'''

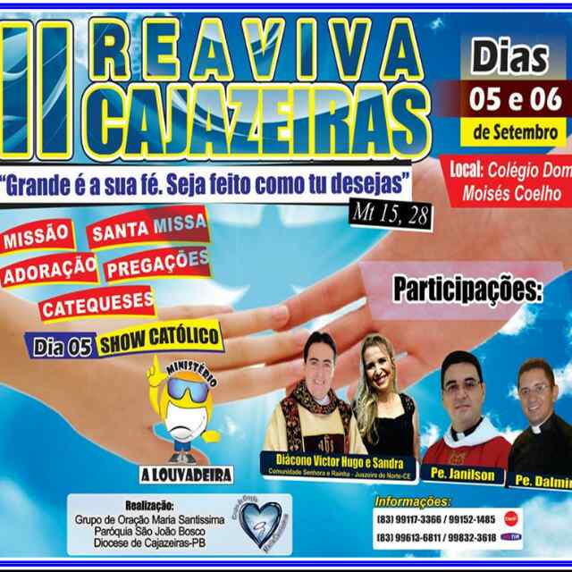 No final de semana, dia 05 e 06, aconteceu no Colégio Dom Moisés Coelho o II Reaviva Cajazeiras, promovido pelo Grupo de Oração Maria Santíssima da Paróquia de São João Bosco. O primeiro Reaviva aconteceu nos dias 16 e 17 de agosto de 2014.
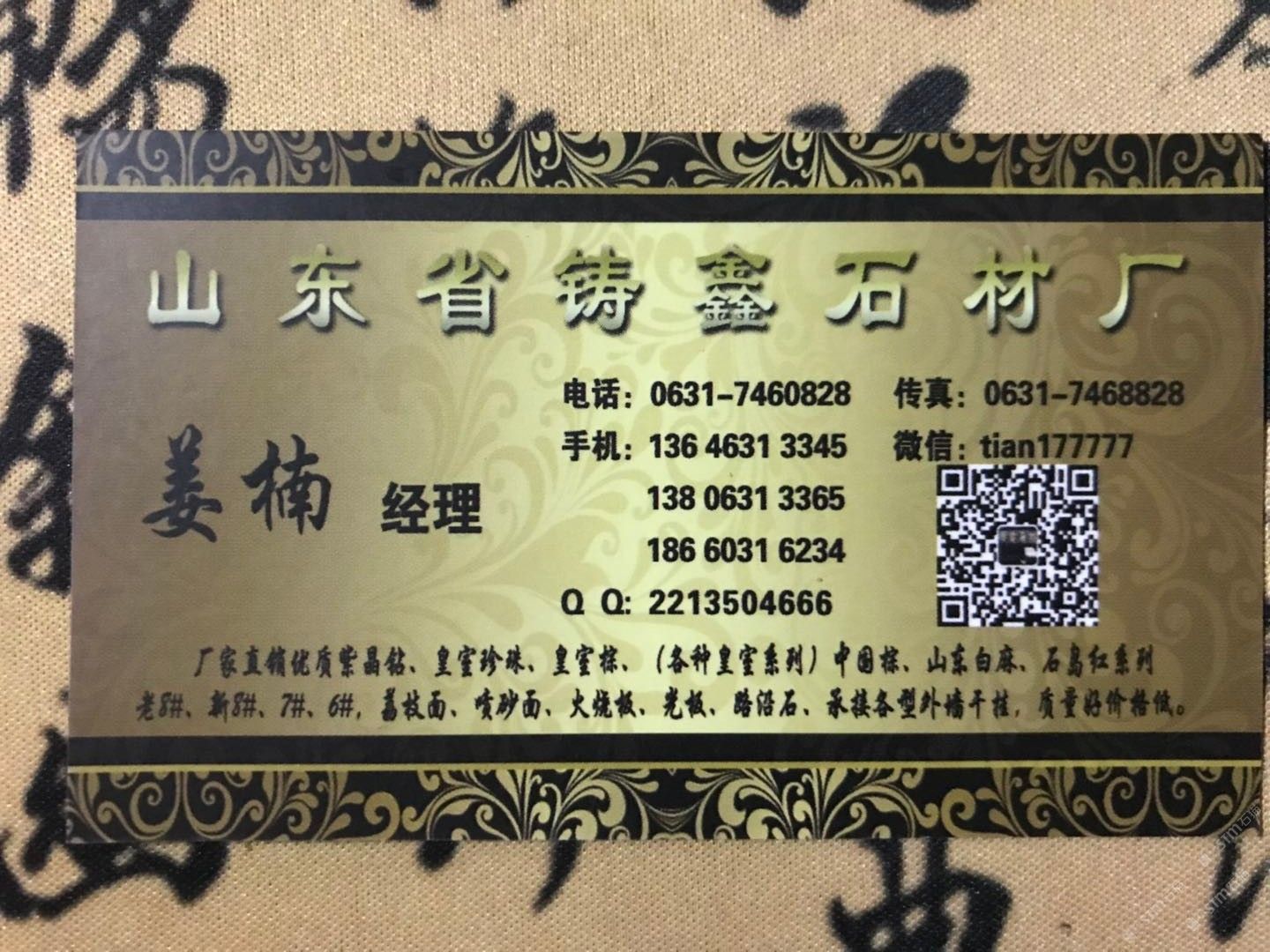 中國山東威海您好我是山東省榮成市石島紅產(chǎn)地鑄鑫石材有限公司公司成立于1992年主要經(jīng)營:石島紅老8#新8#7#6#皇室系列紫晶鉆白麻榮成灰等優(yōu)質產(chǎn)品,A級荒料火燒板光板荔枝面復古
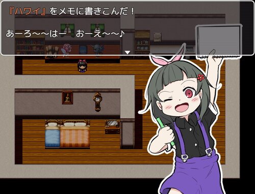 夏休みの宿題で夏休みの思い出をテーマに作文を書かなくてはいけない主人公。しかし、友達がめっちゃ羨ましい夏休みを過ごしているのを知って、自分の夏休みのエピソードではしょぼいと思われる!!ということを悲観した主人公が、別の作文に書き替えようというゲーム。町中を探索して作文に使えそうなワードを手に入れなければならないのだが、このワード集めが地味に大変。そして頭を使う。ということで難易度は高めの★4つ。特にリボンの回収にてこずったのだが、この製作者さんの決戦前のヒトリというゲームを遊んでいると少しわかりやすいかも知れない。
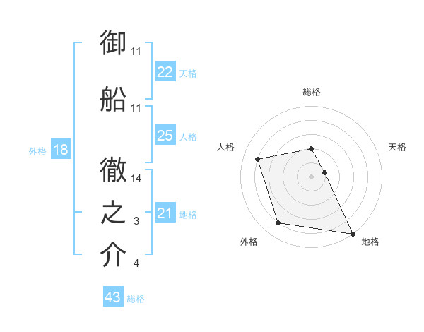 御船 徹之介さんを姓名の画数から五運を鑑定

'''

→ EXERCISE PROMPT: Output exactly the lines above that lie between the line with "中國山東威海您好我是山東省榮" and the line with "夏休みの宿題で夏休みの思い出", those two lines included, and no pictures.

→ ANSWER BELOW:
 中國山東威海您好我是山東省榮成市石島紅產(chǎn)地鑄鑫石材有限公司公司成立于1992年主要經(jīng)營:石島紅老8#新8#7#6#皇室系列紫晶鉆白麻榮成灰等優(yōu)質產(chǎn)品,A級荒料火燒板光板荔枝面復古
 夏休みの宿題で夏休みの思い出をテーマに作文を書かなくてはいけない主人公。しかし、友達がめっちゃ羨ましい夏休みを過ごしているのを知って、自分の夏休みのエピソードではしょぼいと思われる!!ということを悲観した主人公が、別の作文に書き替えようというゲーム。町中を探索して作文に使えそうなワードを手に入れなければならないのだが、このワード集めが地味に大変。そして頭を使う。ということで難易度は高めの★4つ。特にリボンの回収にてこずったのだが、この製作者さんの決戦前のヒトリというゲームを遊んでいると少しわかりやすいかも知れない。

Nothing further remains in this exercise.